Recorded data

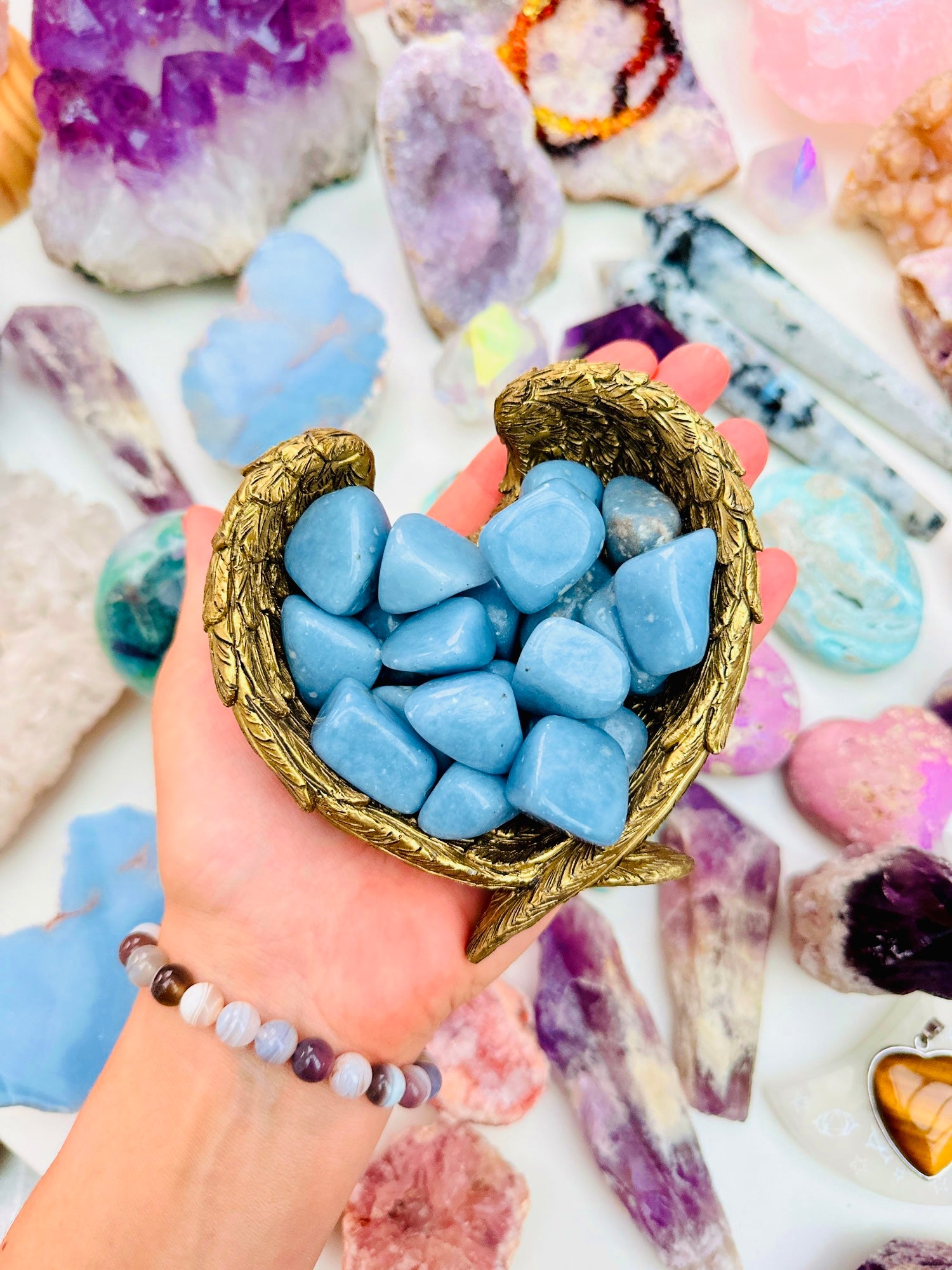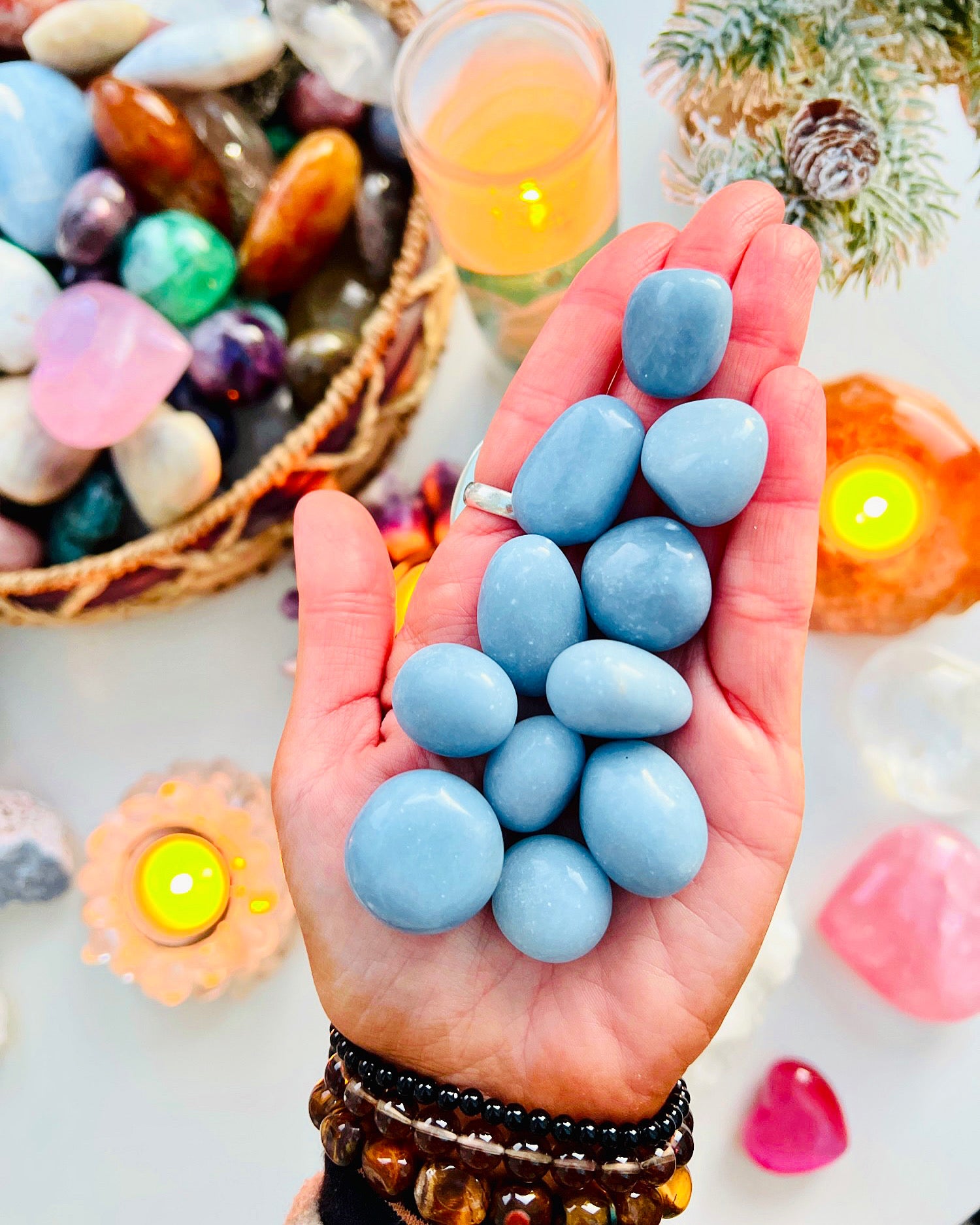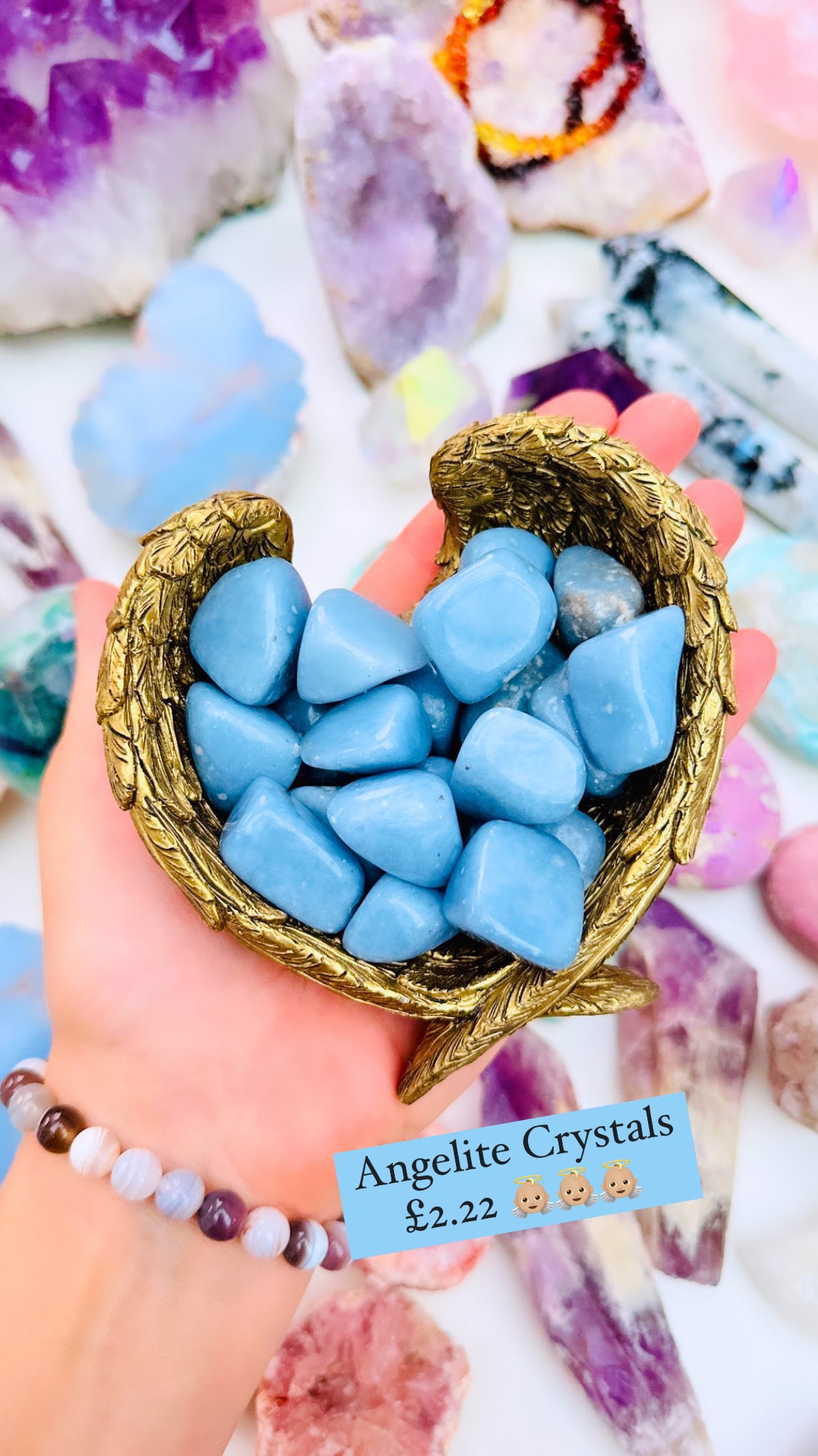 ๐ผ๐ผย Angelite Crystal Tumbles ๐ผ๐ผ๐๐ Angelite is the form of Anhydrite that brings us the softest energies in the mineral kingdom. It is so named as it seems to contain the soft, yet unyielding energy of the Angels ๐ผ๐ผ๐ผ๐ผ๐ผ๐ผ
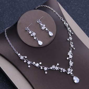 Set de bijuterii nunta (colier si cercei), bijuterii unicat pentru mireasa cu un design de exceptie placate cu Aur alb 14k si pietre semipretioase Zirconiu.
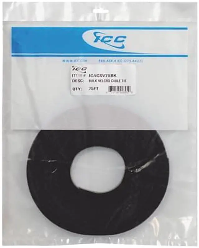 Cable Tie-Accessories: ICC Fasteners 9 in. Tie ICC-ICACSV75BK-ICC ICACSV75BK Velcro Bulk Cable Tie 75 ft Length Polyethylene Hook Nylon-ICC ICACSV75BK Velcro Tie Bulk 75ft - Black
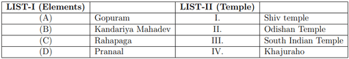 Match the LIST-I with LIST-II.
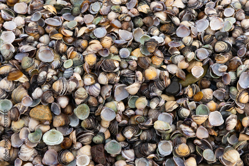 © Aliaksandr, Naklejka premium A vibrant array of seashells creates a captivating coastal texture, showcasing a diverse collection of natural patterns and colors.

THE TASK: No pictures belong in the copy; output every record exactly.

COMPLETED EXERCISE:
 ๐ผ๐ผย Angelite Crystal Tumbles ๐ผ๐ผ๐๐ Angelite is the form of Anhydrite that brings us the softest energies in the mineral kingdom. It is so named as it seems to contain the soft, yet unyielding energy of the Angels ๐ผ๐ผ๐ผ๐ผ๐ผ๐ผ
 Set de bijuterii nunta (colier si cercei), bijuterii unicat pentru mireasa cu un design de exceptie placate cu Aur alb 14k si pietre semipretioase Zirconiu.
 Cable Tie-Accessories: ICC Fasteners 9 in. Tie ICC-ICACSV75BK-ICC ICACSV75BK Velcro Bulk Cable Tie 75 ft Length Polyethylene Hook Nylon-ICC ICACSV75BK Velcro Tie Bulk 75ft - Black
 Match the LIST-I with LIST-II.
 © Aliaksandr, Naklejka premium A vibrant array of seashells creates a captivating coastal texture, showcasing a diverse collection of natural patterns and colors.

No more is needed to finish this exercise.